Apparatus and Materials
- Power supply, EHT (0-5kV) and/or Van de Graaff generator
- Polystyrene balls, metallised, approx 3 cm diameter
- Perspex rods, to hold balls, 2
- Retort stands and bosses, 2
- Perspex rod (about 60 cm) with paper vane
- Metal plates with insulating handles
Health & Safety and Technical Notes
Read our standard health & safety guidance
Paint the polystyrene balls with Aquadag or other conducting paint, or spray them with antistatic spray to give them a conducting surface. (Metal balls are equally good, but they should be large: diameter at least 5 cm.) Support each on a horizontal insulating rod (e.g.
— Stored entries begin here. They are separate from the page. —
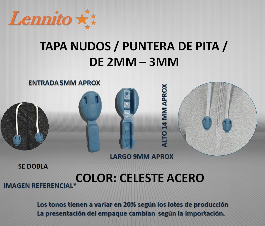 TAPA NUDO DE PLASTICO/PUNTERA PARA CORDON / MODELO GARRAPATA COLOR CELESTE ACERO
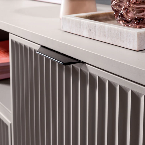 Der TV-Schrank ist mit einer großen Schublade in der Mitte ausgestattet, um Multimediazubehör oder andere Gegenstände mit bequemem Zugang zu verstauen. Über der Schublade befindet sich ein Regal für Mediengeräte wie DVD-Player oder Spielekonsolen. An den Seiten des TV-Schranks befinden sich zwei Schränke, die ideal für die Aufbewahrung von DVDs, Büchern oder anderen Gegenständen geeignet sind, die eine etwas diskretere Platzierung erfordern.
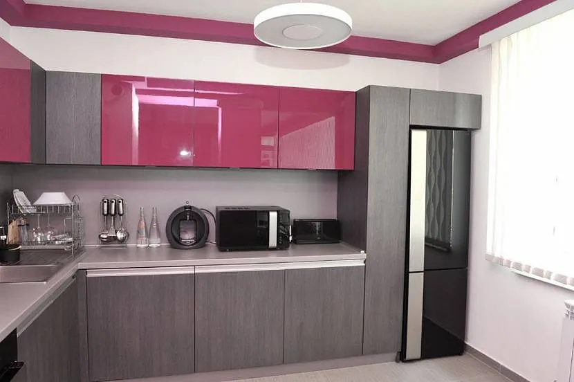 Ярко-розовые фасады лучше сочетать с другими цветами, что бы разбавить и смягчить их.
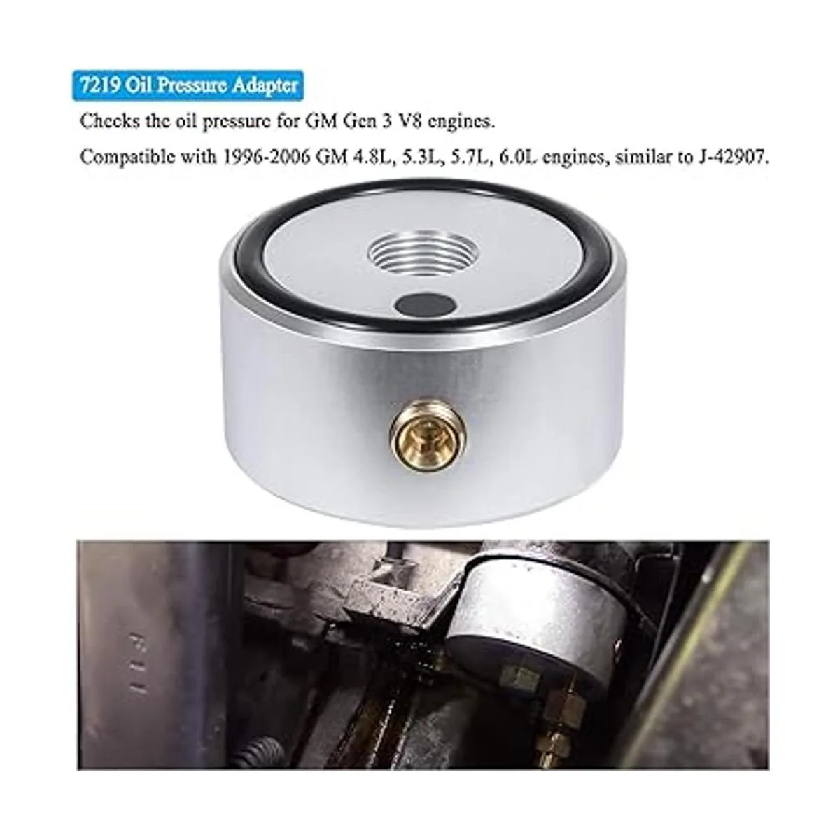 EN47971 Adaptador de manómetro de aceite y adaptador de presión de aceite 7219 Compatible con motores GM Generation 3, 4 y 5 V8, combinación perfecta
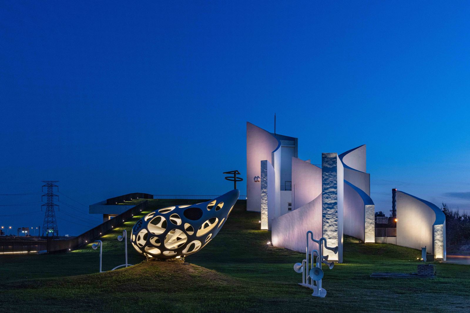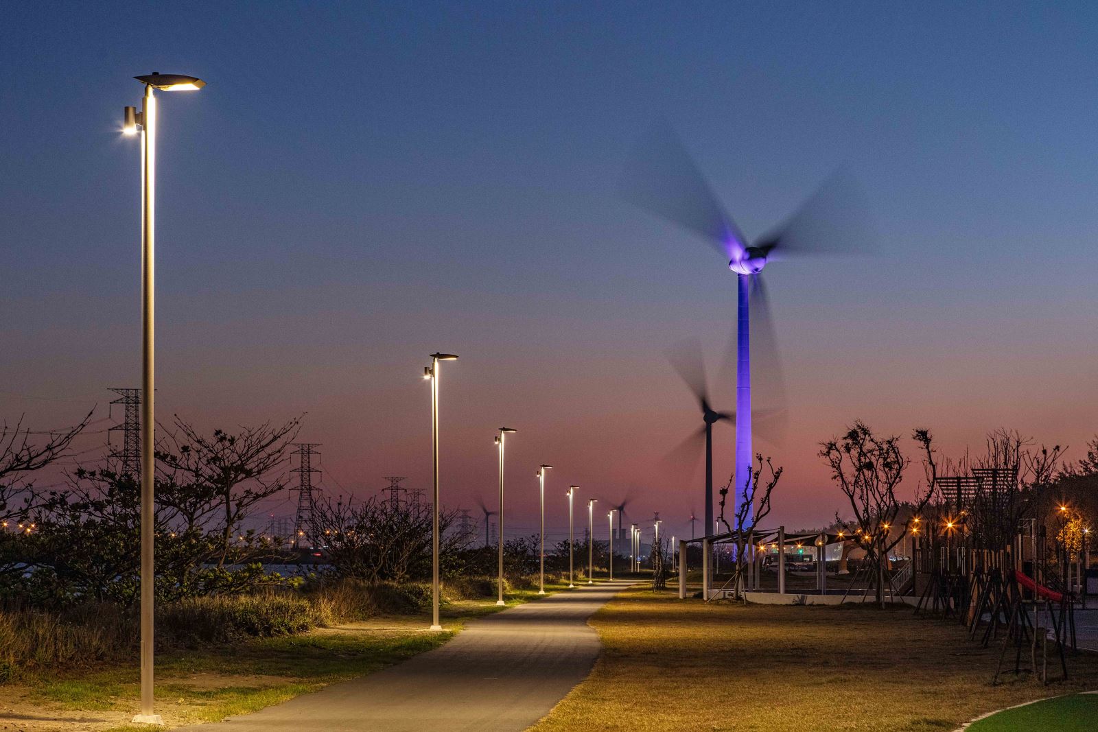 光環境設計尊重伸港當地文化歷史環境及建築設計理念,以互動式並搭配季節照明設計,變化融入濕地整體環境,營造場域之間互相輝映的風貌,呈現整體環境之夜間特色與空間層次。
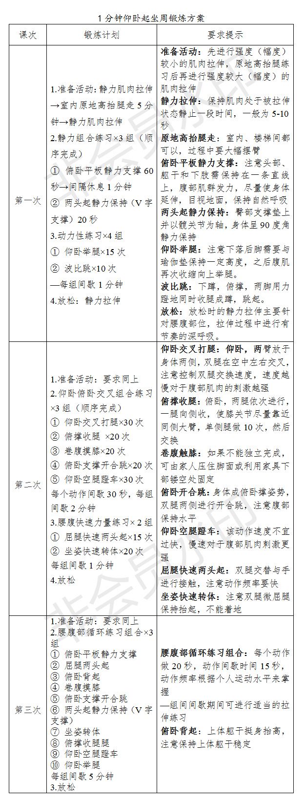 此套方案锻炼时间每周3次,隔天进行练习,在开始锻炼的首周要注意运动强度,遵循逐渐增加训练量的原则。
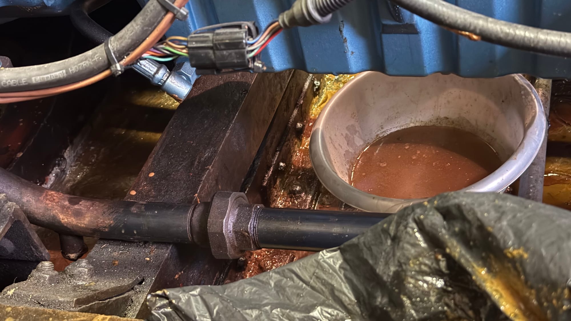 Fortunately, there's little danger of rust; there's such a thick layer of grease under there that it's all sealed up well, but I still wanted the water gone to monitor things better. It's a lesson I've learned over the years – if things are clean, it's easy to spot leaks early. "I'll just pump it out," I thought. But before long, I was down on hands and knees, with sponges squeezing out the water, then rags wiping up the excess grease. It's mostly clean now. But it took a lot longer than I expected and left me filthy by the end of it!
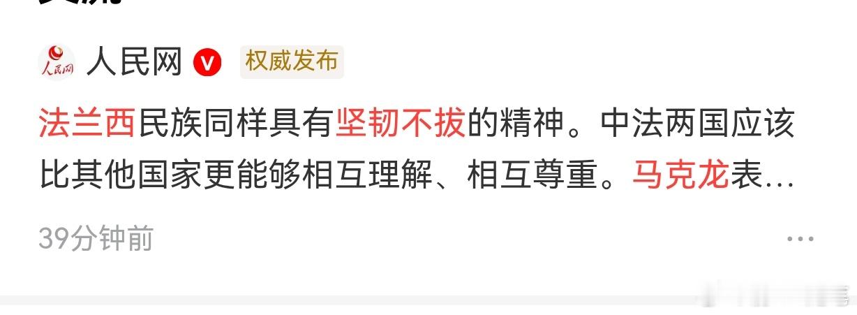 马克龙:法兰西民族同样具有坚韧不拔的精神。

Perspex). Tape a small piece of aluminium foil onto each ball, to serve as an electrode. Use crocodile clips to attach leads to the supply.
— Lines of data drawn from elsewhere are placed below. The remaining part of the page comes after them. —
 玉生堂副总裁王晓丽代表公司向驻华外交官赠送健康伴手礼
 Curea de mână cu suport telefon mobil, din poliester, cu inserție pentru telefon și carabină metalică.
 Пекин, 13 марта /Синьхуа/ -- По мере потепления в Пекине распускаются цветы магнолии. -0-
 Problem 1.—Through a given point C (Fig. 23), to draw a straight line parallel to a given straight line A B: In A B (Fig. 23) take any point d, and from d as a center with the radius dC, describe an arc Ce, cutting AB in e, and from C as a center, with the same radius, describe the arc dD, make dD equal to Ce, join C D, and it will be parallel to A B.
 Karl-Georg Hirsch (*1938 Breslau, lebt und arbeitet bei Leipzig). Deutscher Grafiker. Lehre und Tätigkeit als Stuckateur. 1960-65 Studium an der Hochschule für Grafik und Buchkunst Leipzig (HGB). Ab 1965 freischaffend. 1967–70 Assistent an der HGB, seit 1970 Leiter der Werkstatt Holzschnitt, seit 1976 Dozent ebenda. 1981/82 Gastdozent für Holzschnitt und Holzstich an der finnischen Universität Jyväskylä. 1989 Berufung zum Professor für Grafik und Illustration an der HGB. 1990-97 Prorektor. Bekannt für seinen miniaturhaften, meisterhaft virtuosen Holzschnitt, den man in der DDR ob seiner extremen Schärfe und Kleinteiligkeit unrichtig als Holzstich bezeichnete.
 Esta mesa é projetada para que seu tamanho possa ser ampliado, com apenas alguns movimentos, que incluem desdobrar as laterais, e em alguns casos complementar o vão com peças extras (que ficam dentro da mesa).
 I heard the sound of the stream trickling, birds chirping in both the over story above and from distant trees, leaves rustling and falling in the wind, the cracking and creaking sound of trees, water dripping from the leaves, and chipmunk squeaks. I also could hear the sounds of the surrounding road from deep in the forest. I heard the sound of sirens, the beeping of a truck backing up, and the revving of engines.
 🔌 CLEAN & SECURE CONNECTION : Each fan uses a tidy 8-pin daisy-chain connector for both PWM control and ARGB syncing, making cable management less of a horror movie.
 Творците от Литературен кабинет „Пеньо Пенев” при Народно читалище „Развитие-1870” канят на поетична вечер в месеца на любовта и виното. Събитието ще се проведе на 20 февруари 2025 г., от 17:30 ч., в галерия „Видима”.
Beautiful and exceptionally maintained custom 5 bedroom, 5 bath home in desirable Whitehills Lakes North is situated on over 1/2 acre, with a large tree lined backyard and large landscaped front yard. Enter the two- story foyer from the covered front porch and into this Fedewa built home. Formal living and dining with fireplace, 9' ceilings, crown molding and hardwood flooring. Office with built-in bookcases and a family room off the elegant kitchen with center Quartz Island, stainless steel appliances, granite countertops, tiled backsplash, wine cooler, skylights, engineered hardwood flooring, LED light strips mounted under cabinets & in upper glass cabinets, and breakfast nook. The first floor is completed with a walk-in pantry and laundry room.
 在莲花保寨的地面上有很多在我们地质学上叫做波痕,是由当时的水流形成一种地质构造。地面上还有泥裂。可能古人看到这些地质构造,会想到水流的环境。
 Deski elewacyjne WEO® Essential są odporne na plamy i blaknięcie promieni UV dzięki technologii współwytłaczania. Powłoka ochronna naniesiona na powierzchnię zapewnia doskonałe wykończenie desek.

Make a small paper vane, like a compass needle, about 4 cm long. Attach it to a long Perspex rod with a pin as pivot. The paper must be slightly conducting; paper is hygroscopic enough to ensure conduction in most cases. If necessary, breathe on the paper.
Procedure
- Fix the two balls approx 10 cm apart, centre to centre. Connect the balls through the 50 MΩ. safety resistor to the 5,000-volt supply's + and - terminals, both unearthed.
- Make sure the paper vane is free to rotate. Hold it by the long rod in the space between the balls. It will set along the field lines, because it develops induced charges in the field - rather like the behaviour of iron filings or soft iron in a magnetic field.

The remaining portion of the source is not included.